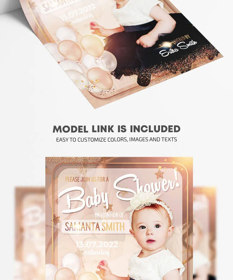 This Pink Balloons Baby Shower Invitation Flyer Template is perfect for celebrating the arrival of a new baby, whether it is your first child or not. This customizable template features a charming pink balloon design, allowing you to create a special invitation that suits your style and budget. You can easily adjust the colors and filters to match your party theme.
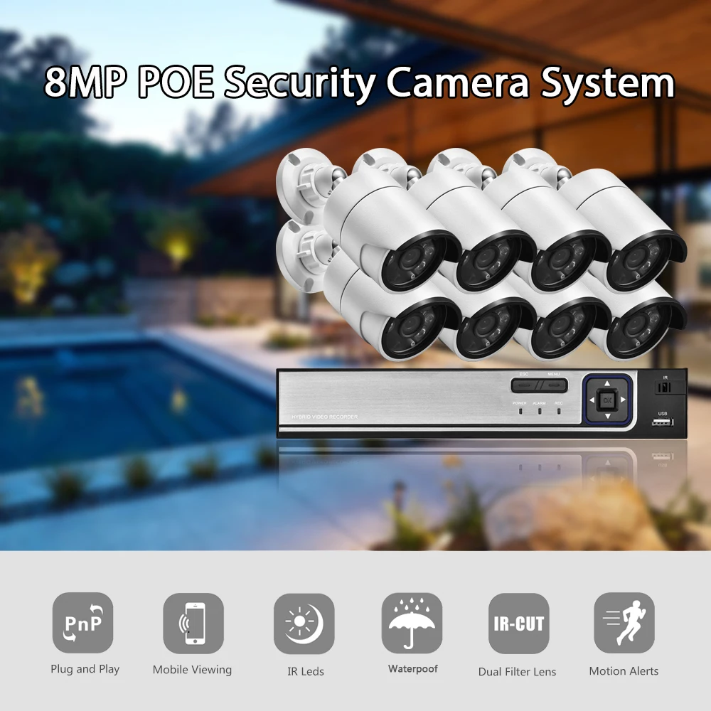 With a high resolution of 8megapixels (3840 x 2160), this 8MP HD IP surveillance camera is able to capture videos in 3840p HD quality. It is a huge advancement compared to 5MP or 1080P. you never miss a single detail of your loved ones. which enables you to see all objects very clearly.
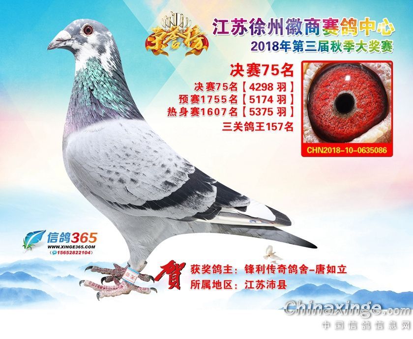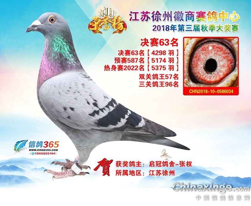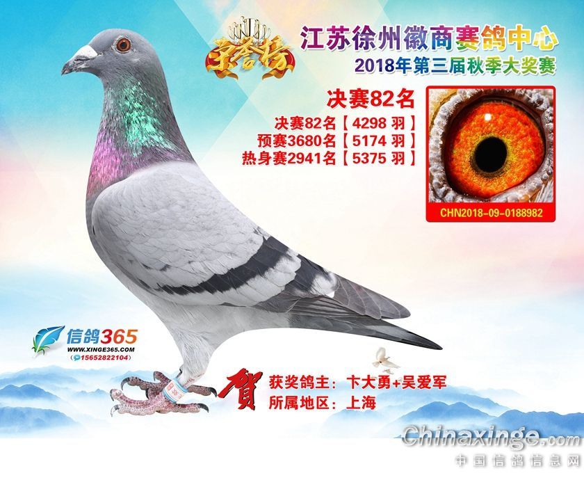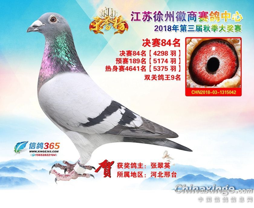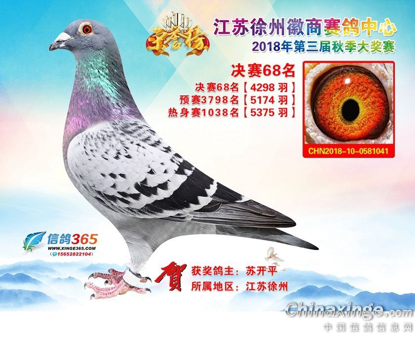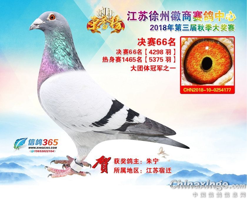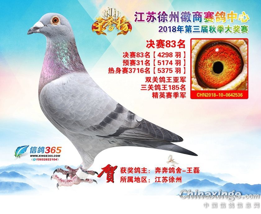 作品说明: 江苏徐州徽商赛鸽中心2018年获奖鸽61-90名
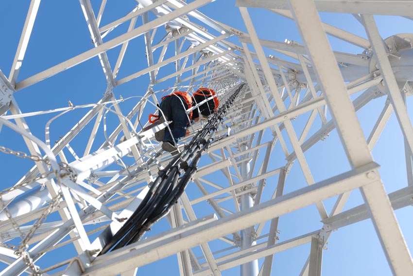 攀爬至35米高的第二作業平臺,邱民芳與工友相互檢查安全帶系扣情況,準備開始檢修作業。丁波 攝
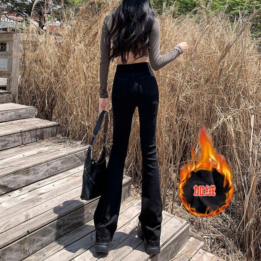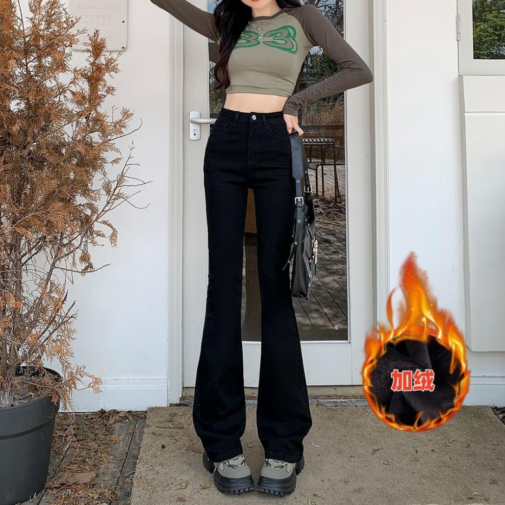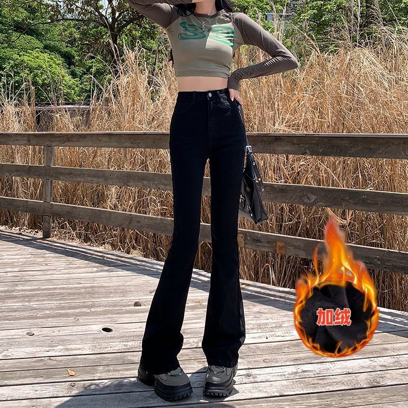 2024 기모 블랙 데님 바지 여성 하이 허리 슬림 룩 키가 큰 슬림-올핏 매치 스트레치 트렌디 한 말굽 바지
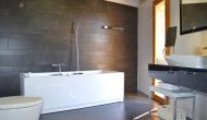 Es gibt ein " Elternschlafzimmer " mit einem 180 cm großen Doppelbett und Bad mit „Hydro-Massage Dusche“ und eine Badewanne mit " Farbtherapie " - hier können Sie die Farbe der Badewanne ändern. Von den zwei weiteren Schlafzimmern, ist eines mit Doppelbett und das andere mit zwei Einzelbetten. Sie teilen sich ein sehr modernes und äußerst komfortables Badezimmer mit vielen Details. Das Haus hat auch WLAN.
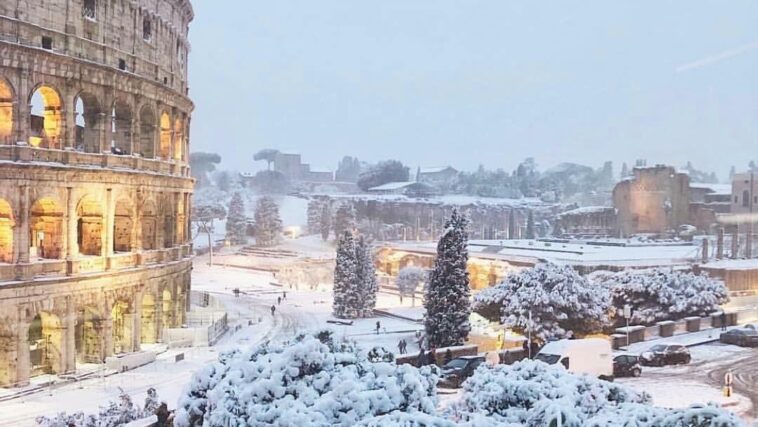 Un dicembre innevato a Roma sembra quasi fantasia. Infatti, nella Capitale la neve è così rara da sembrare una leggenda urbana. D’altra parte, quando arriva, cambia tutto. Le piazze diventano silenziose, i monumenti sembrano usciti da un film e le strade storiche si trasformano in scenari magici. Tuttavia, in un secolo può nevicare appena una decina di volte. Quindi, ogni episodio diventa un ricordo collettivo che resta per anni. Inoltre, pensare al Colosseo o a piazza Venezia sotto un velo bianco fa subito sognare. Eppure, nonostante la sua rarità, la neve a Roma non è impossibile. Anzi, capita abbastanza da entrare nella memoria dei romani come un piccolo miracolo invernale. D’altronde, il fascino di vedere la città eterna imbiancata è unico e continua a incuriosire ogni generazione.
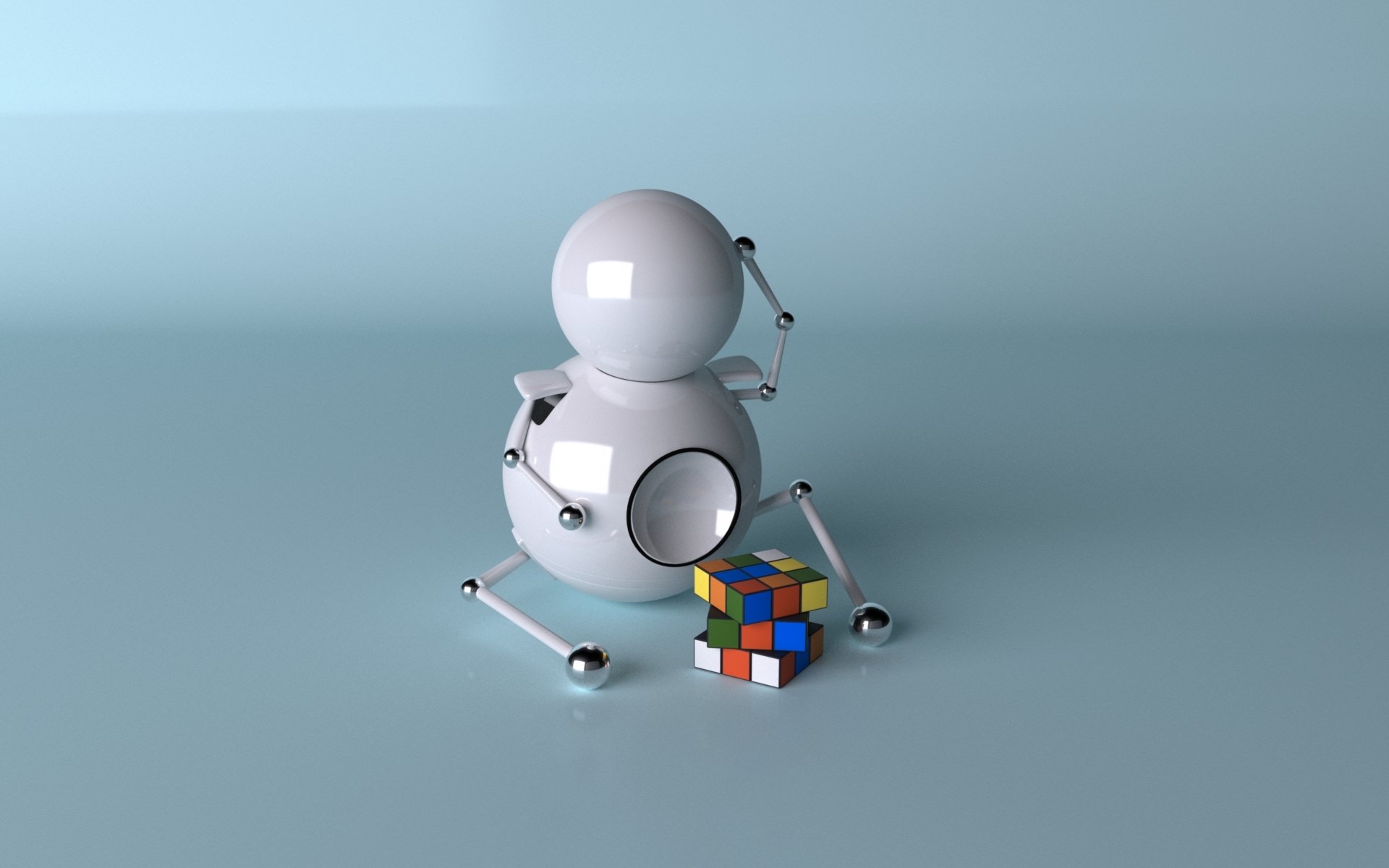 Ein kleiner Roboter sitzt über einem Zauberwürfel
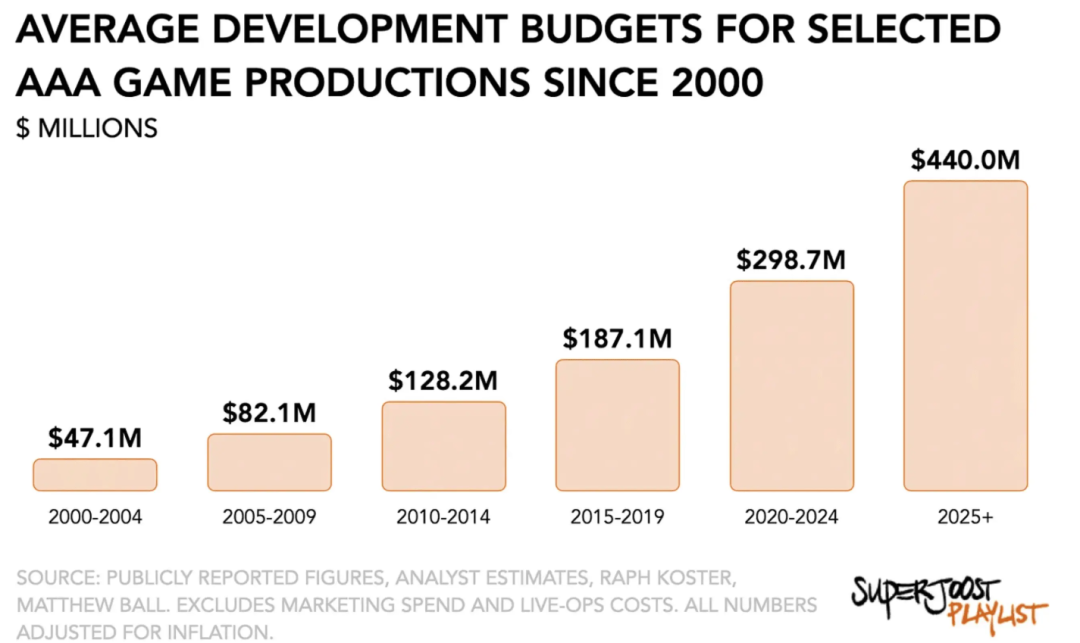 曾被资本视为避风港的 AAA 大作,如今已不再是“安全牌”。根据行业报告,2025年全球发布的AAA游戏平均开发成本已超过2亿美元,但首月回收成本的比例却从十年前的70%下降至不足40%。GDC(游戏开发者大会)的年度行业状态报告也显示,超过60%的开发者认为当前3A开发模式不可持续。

Problem description →
Pictures are to be excluded; the records themselves are to be reproduced exactly.

Worked solution →
 This Pink Balloons Baby Shower Invitation Flyer Template is perfect for celebrating the arrival of a new baby, whether it is your first child or not. This customizable template features a charming pink balloon design, allowing you to create a special invitation that suits your style and budget. You can easily adjust the colors and filters to match your party theme.
 With a high resolution of 8megapixels (3840 x 2160), this 8MP HD IP surveillance camera is able to capture videos in 3840p HD quality. It is a huge advancement compared to 5MP or 1080P. you never miss a single detail of your loved ones. which enables you to see all objects very clearly.
 作品说明: 江苏徐州徽商赛鸽中心2018年获奖鸽61-90名
 攀爬至35米高的第二作業平臺,邱民芳與工友相互檢查安全帶系扣情況,準備開始檢修作業。丁波 攝
 2024 기모 블랙 데님 바지 여성 하이 허리 슬림 룩 키가 큰 슬림-올핏 매치 스트레치 트렌디 한 말굽 바지
 Es gibt ein " Elternschlafzimmer " mit einem 180 cm großen Doppelbett und Bad mit „Hydro-Massage Dusche“ und eine Badewanne mit " Farbtherapie " - hier können Sie die Farbe der Badewanne ändern. Von den zwei weiteren Schlafzimmern, ist eines mit Doppelbett und das andere mit zwei Einzelbetten. Sie teilen sich ein sehr modernes und äußerst komfortables Badezimmer mit vielen Details. Das Haus hat auch WLAN.
 Un dicembre innevato a Roma sembra quasi fantasia. Infatti, nella Capitale la neve è così rara da sembrare una leggenda urbana. D’altra parte, quando arriva, cambia tutto. Le piazze diventano silenziose, i monumenti sembrano usciti da un film e le strade storiche si trasformano in scenari magici. Tuttavia, in un secolo può nevicare appena una decina di volte. Quindi, ogni episodio diventa un ricordo collettivo che resta per anni. Inoltre, pensare al Colosseo o a piazza Venezia sotto un velo bianco fa subito sognare. Eppure, nonostante la sua rarità, la neve a Roma non è impossibile. Anzi, capita abbastanza da entrare nella memoria dei romani come un piccolo miracolo invernale. D’altronde, il fascino di vedere la città eterna imbiancata è unico e continua a incuriosire ogni generazione.
 Ein kleiner Roboter sitzt über einem Zauberwürfel
 曾被资本视为避风港的 AAA 大作,如今已不再是“安全牌”。根据行业报告,2025年全球发布的AAA游戏平均开发成本已超过2亿美元,但首月回收成本的比例却从十年前的70%下降至不足40%。GDC(游戏开发者大会)的年度行业状态报告也显示,超过60%的开发者认为当前3A开发模式不可持续。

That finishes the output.